To further explicate this view, Armstrong appeals to some of his previous ethnographic fieldwork in the institutional setting of mental healthcare provision. Of course, much of the force of an ethnographic approach relies on the intricate details of particular cases. Since this is intended to be only a short summary of the talk, I urge the interested reader to listen to the podcast of the talk for full details.

Although I cannot hope to do justice to Armstrng’s detailed ethnography here, the case study can, all to briefly, be summarised as follows. It concerns, ‘Viv’, whose son is awaiting trial having performed serious sexual offences. Viv appears to be depressed & anxious, but her clinician, Jill, does not believe that she is suffering from a psychiatric disorder – Rather, she believes that Viv’s symptoms are proportionate to her distressing life circumstances, although she also believes that Viv could have an undiagnosed personality disorder. However, after Viv details the extent of her depressive symptoms, and some significant risk factors for suicide, Jill consults ‘Giles’, a consultant psychiatrist. Giles describes several rationales for prescribing anti-depressants to Viv but appears somewhat flippant; it appears that he has no expectation that anti-depressants will benefit Viv, but nonetheless issues a prescription.

 

Two Questions

Armstrong suggests that this case raises two questions about the conflicts that can arise in institutional settings of mental healthcare provision, in which healthcare professionals may feel compelled to approach their practice in a manner that is incongruous with their own clinical understanding of the situation. He suggests that it forces us to ask two questions: First, how would Jill and Giles approach Viv if the institutional setting were changed (but Viv remained the same)? Second, how would Viv approach Jill and Giles if the institutional setting were changed (but her predicament remained the same)? Armstrong contends that this sort of clinical encounter would differ quite significantly if it had occurred outside of the institutional setting of mental healthcare provision.

Indeed, he makes the provocative claim that it may be impossible for those who provide mental healthcare in an institutional setting to do their job well whilst maintaining sincerity.
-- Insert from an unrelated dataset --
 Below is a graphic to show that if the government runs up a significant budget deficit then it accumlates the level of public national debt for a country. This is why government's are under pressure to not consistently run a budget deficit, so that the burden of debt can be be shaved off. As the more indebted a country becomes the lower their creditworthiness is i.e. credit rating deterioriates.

In part, this is because the moral perception of the healthcare professional in this setting must often become overly narrow and specialised, because they are expected to act in somewhat stereotyped ways to fit the requirements of bureaucratic accountability, and where there can be bureaucratic reasons for making particular psychiatric diagnoses.
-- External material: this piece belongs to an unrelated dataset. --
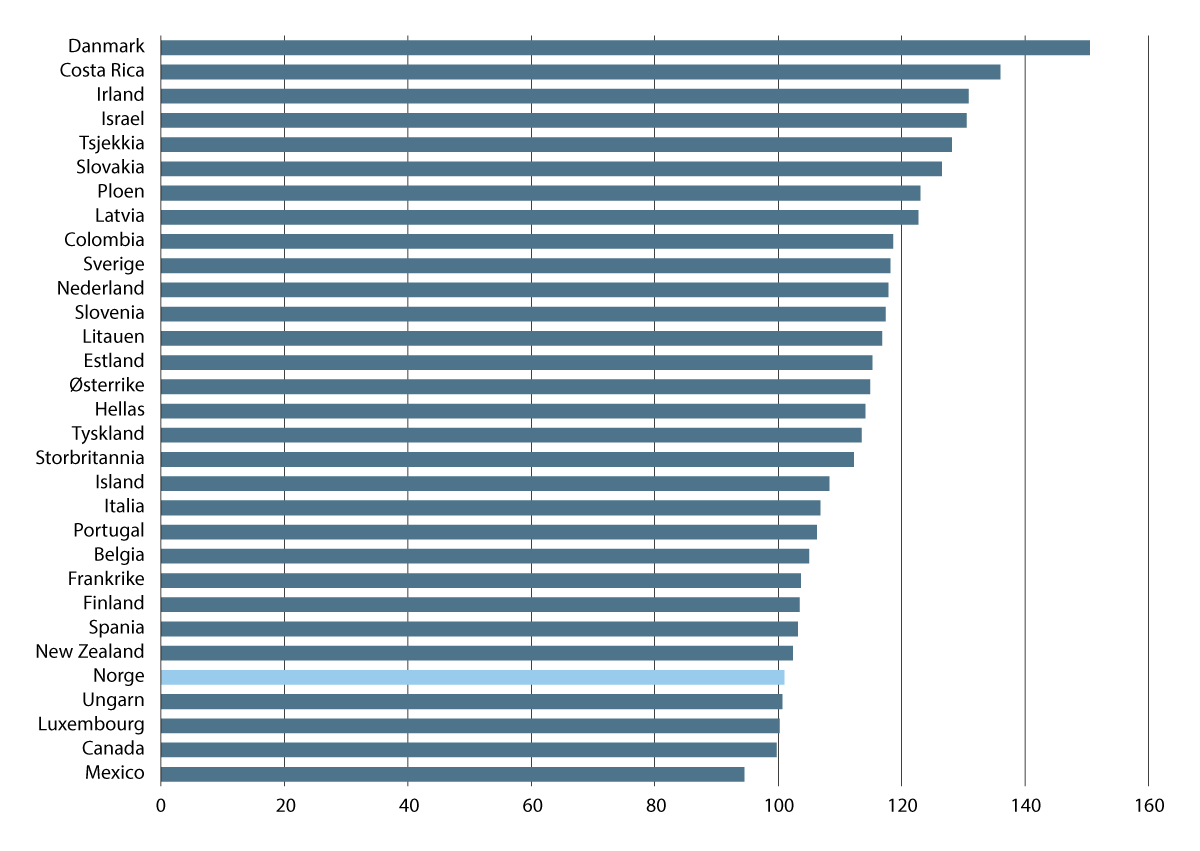 Kilde: OECD og Finansdepartementet (2023), Meld. St. 1 (2023–2024) Nasjonalbudsjettet 2024.

In turn, this can lead healthcare professionals to adopt a ‘double morality’, whereby they feel compelled to betray values that they nonetheless profess to maintain. Armstrong illustrates this by drawing an analogy with the cheating spouse who professes to love their partner whilst at the same time fundamentally betraying them in a manner that bespeaks an utter lack of meaningful moral concern.

Armstrong’s discussion of an ethnographic approach to ethics in mental healthcare provision is an illustration of how this approach can reveal new dimensions to ethical questions in this area. In addition to questions about how we should weigh the costs and benefits of bureaucratic accountability, Armstrong’s discussion also raises questions about which of costs of bureaucratization are specific to mental healthcare provision, as opposed to general bureaucratization of healthcare more broadly. Furthermore, at the level of the individual clinician, we may also wonder whether the phenomenon of double morality is a moral sleight of hand that is necessary for them to continue virtuous clinical practice, or whether it is a form of specious ex post rationalization that prevents them from adequately engaging with the problems that the culture of bureaucratic accountability evinces, problems that give rise to the phenomenon of double morality in the first place.